27日の中国本土マーケットは、主要指標の上海総合指数が前日比68.03ポイント(1.76%)安の3800.35ポイントと続落した。
 投資家の慎重スタンスが強まる流れ。
米関税政策の不透明感が逆風となった。米政府は27日、ロシア制裁の一環として、同国産の原油を輸入しているインドに対し25%の追加関税(最大合計50%)を発動。ロシア産原油は中国も輸入しているため、関税交渉が厳しいものになると不安視されている。また、トランプ米大統領は25日、韓国大統領との会談中に、中国がレアアース(希土類)磁石の米国向け輸出を再び止めれば「200%関税」を課すことになると記者団に述べた。中国経済対策の期待感が根強い中、指数はプラス圏で推移する場面がみられたものの、後場に入り下げ幅を徐々に広げている。

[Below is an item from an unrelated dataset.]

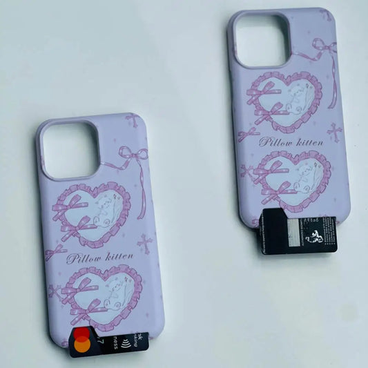 Heart Pillow Kitten Case with Card Wallet - iPhone

 一方、朝方公表された中国工業企業の利益総額は今年1~7月に前年同期比1.7%減となり、1~6月の1.8%減から減少幅がやや縮小。ただ、相場に与える影響は限定された。(亜州リサーチ編集部)
 金融株が下げを主導。中国郵政儲蓄銀行(601658/SH)が4.3%安、中国農業銀行(601288/SH)が2.3%安、中国平安保険(601318/SH)が3.0%安、中国人寿保険(601628/SH)が2.5%安、華泰証券(601688/SH)が3.4%安、国泰海通証券(601211/SH)が2.8%安で引けた。

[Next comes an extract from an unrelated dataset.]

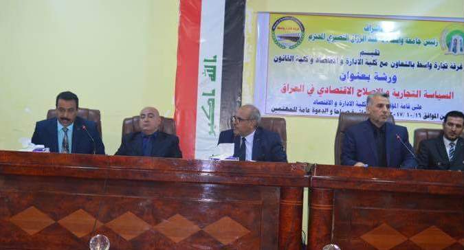 نظمت كلية الإدارة والاقتصاد وكلية القانون في جامعة واسط, ندوة عن السياسة التجارية والإصلاح الاقتصادي في العراق، بمشاركة باحثين ومختصين.

 不動産株も安い。金地集団(600383/SH)や新城控股集団(601155/SH)、信達地産(600657/SH)がそろって4.3%、緑地HD(600606/SH)が4.0%ずつ下落した。
 エネルギー株もさえない。
中国中煤能源(601898/SH)が2.6%安、陝西煤業(601225/SH)が2.2%安、中国海洋石油(600938/SH)が2.0%安、中国石油天然気(601857/SH)が1.6%安と値を下げた。消費関連株、医薬株、自動車株、インフラ関連株、公益株、素材株、運輸株なども売られている。

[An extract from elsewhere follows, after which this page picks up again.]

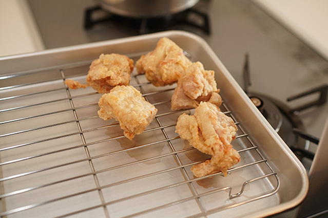 温度を調整して2回揚げることで、外はパリッと、中はしっとりとした最高の唐揚げができるそうです。

 半面、ハイテク株は急伸。半導体製造装置の瑞芯微(603893/SH)や電子機器メーカーの方正科技集団(600601/SH)などが10.0%(ストップ)高、ネットワークシステムの上海移遠通信技術(603236/SH)が7.3%高で取引を終えた。政策支援の動きが期待される。中国の国務院(内閣に相当)は26日、今後10年間のAI戦略をまとめた「『AI+』行動のさらなる実施に関する意見」を発表した。ハイテク・スタートアップ企業向け市場「科創板」では、主要50銘柄で構成される「上証科創板50成分指数(Star50)」が0.1%逆行高している。構成銘柄では、人工知能(AI)半導体の中科寒武紀科技(カンブリコン・テクノロジーズ:688256/SH)が3.2%高。上場来高値を再び更新している。同社は26日、2025年上半期決算を発表し、売上高が前年同期比で45倍に拡大したと報告した。純損益は前年同期の赤字から黒字に転換している。
 外貨建てB株相場は、上海B株指数が3.40ポイント(1.32%)高の260.90ポイント、深センB株指数が8.04ポイント(0.61%)安の1315.45ポイントで終了した。